Accuracy is 63%. On the surface of it, that does not sound that good. Looking into the Kaggle forums for this competition it looks like a reasonable baseline is around 61% and many people initially get around 56%. Given that we used all of the default settings for the models and the only preprocessing was to lowercase the data, 63% is not that bad. Random guessing would give an accuracy of 20%. This is granular scale, however. We may have classified the review as a 4 instead of a 3. Both are on the positive side of the scale so the accuracy may look a little worse than it is. A common thing to do is to remove the neutral reviews and categorize the remaining either as positive or negative sentiment. This is what the coarse parameter does on the data load. Let’s see what that looks like.

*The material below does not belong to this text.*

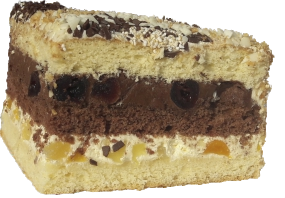 biszkopt jasny, biszkopt czekoladowy, masa śmietankowa z brzoskwinią i ananasem, masa czekoladowa z wiśnią
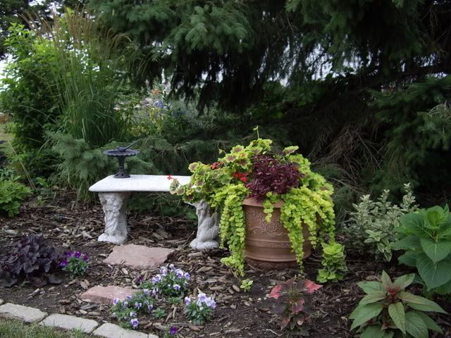 This is my latest urn that I purchased. The plants are all clearance sale or starts that I had left over.

x, y = load_data(coarse=True) count_vectorizer = CountVectorizer(lowercase=True) rp = random_projection.SparseRandomProjection(random_state=11) svd = TruncatedSVD(n_components=2500) tfidf = TfidfTransformer() logistic_regression = LogisticRegression() model1 = Pipeline([('counts', count_vectorizer), ('rand_proj', rp), ('logistic', logistic_regression), ]) model2 = Pipeline([('counts', count_vectorizer), ('svd', svd), ('regression', logistic_regression), ]) model3 = Pipeline([('counts', count_vectorizer), ('tfidf', tfidf), ('regression', logistic_regression), ]) vc = VotingClassifier(estimators=[('model1', model1), ('model2', model2), ('model3', model3)], voting='hard') for clf, label in zip([model1, model2, model3, vc], ['model1_random_projections', 'model2_svd', 'model3_tfidf', 'ensemble']): scores = cross_validation.cross_val_score(clf, x, y, cv=2, scoring='accuracy') print("Accuracy %s: %0.2f" % (label, scores.mean())) # Accuracy model1_random_projections: 0.85 # Accuracy model2_svd: 0.81 # Accuracy model3_tfidf: 0.86 # Accuracy ensemble: 0.85

What is going on here? We loaded the data and trained on binary positive/negative output classes. We then set up a series of models utilizing different data transformations: random projections, singular value decomposition (SVD), and term frequency-inverse document frequency (TF-IDF). The first two models utilize dimensionality reduction techniques. The third uses TF-IDF, which was used in first, granular model. The last output here is an ensemble (mixture) of all three models where we use a max vote for the classification. Ensembles are typically used for averaging different types of models. For this ensemble we used the same model but leveraged different data transformations. It is more common that ensembles used a mixture of different types of models (see possible alternatives in the next section), but both paths are worth exploring. It is interesting to note that the model with the highest accuracy is the TF-IDF model. Many times it is well worth doing simple things first and than trying more complex transformations. The accuracy of the model is around 85%, given further tweaking of the model parameters and data preprocessing we could probably get another 5% increase.

### Enhancements

As stated, we used many of the default parameters of the models. Here are a few things you could try on your own to further increase the accuracy.

- document preprocessing
- bi-grams
- tokenizing
- stop word removal
- stemming

- try different dimensionality reductions for SVD and random projections, i.e. reduce to a
*k*-dimensional dataset - optimizing the parameters of the logistic regression, e.g. regularization and solvers
- try different ensemble methods provided by scikit-learn
- try other models other than logistic regression, e.g. Naive Bayes or Support Vector Machines

### Conclusion

We took a look at Pipelines in scikit-learn and how these can be used to assemble models. We took two views in the data classification, granular and coarse, and fit a few different models. The motivation was to simplify boilerplate code and to afford the opportunity to easily swap out different models. We also took a look at simple ensembles and how these could be used in your work.